ECLI:NL:CRVB:2015:4997
Centrale Raad van Beroep
- Hoger beroep
- D.J. van der Vos
- Rechtspraak.nl
Weigering van WIA-uitkering en geschiktheid voor arbeid na ziekte
In deze zaak heeft de Centrale Raad van Beroep op 30 december 2015 uitspraak gedaan in het hoger beroep van appellant tegen de weigering van een WIA-uitkering door het Uitvoeringsinstituut werknemersverzekeringen (Uwv). Appellant, die zich op 30 augustus 2010 ziek meldde wegens vermoeidheid en algehele malaise, was van mening dat zijn beperkingen door de verzekeringsartsen van het Uwv waren onderschat. Het Uwv had vastgesteld dat appellant met ingang van 27 augustus 2012 geen recht had op een WIA-uitkering, omdat hij minder dan 35% arbeidsongeschikt werd geacht. Dit besluit werd door de rechtbank Gelderland in een eerdere uitspraak bevestigd.

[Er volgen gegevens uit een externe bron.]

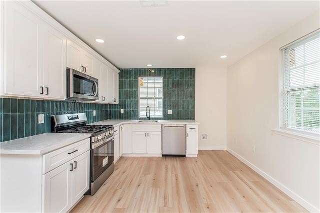 This raised cottage blends classic New Orleans charm with modern style. Step inside to find bright, open living spaces filled with natural light, fresh finishes, and a warm, inviting feel. The kitchen is a showstopper featuring stainless steel appliances, sleek stone countertops, and a stunning full-wall backsplash that makes a statement. Both bedrooms offer comfortable retreats, accompanied by two full updated bathrooms feel fresh and luxurious. Out back, the deep lot provides plenty of room to relax or entertain, complete with a spacious front porch for morning coffee. Enjoy your morning coffee on the picturesque front porch, and take advantage of the off-street driveway parking. This home is move-in ready, beautifully updated, and waiting for its next chapter. Schedule your tour today and see why this one is special!

Tijdens de zittingen in hoger beroep, waar appellant aanvankelijk niet aanwezig was, maar later wel, werd de medische situatie van appellant uitvoerig besproken. De verzekeringsarts had vastgesteld dat appellant lijdt aan het Chronisch Vermoeidheidssyndroom (CVS) en lichte COPD, en dat hij in staat was om 40 uur per week te werken, mits rekening werd gehouden met zijn beperkingen. De rechtbank oordeelde dat er geen reden was om te twijfelen aan de verzekeringsgeneeskundige grondslag van het bestreden besluit. De argumenten van appellant dat zijn beperkingen niet correct waren ingeschat, werden niet onderbouwd met objectieve medische informatie.
De Centrale Raad van Beroep bevestigde de uitspraak van de rechtbank en oordeelde dat appellant in medisch opzicht in staat was de werkzaamheden te verrichten die verbonden zijn aan de functies die aan de schatting ten grondslag lagen. De Raad concludeerde dat het hoger beroep niet slaagde en dat er geen aanleiding was voor een schadevergoeding of proceskostenveroordeling.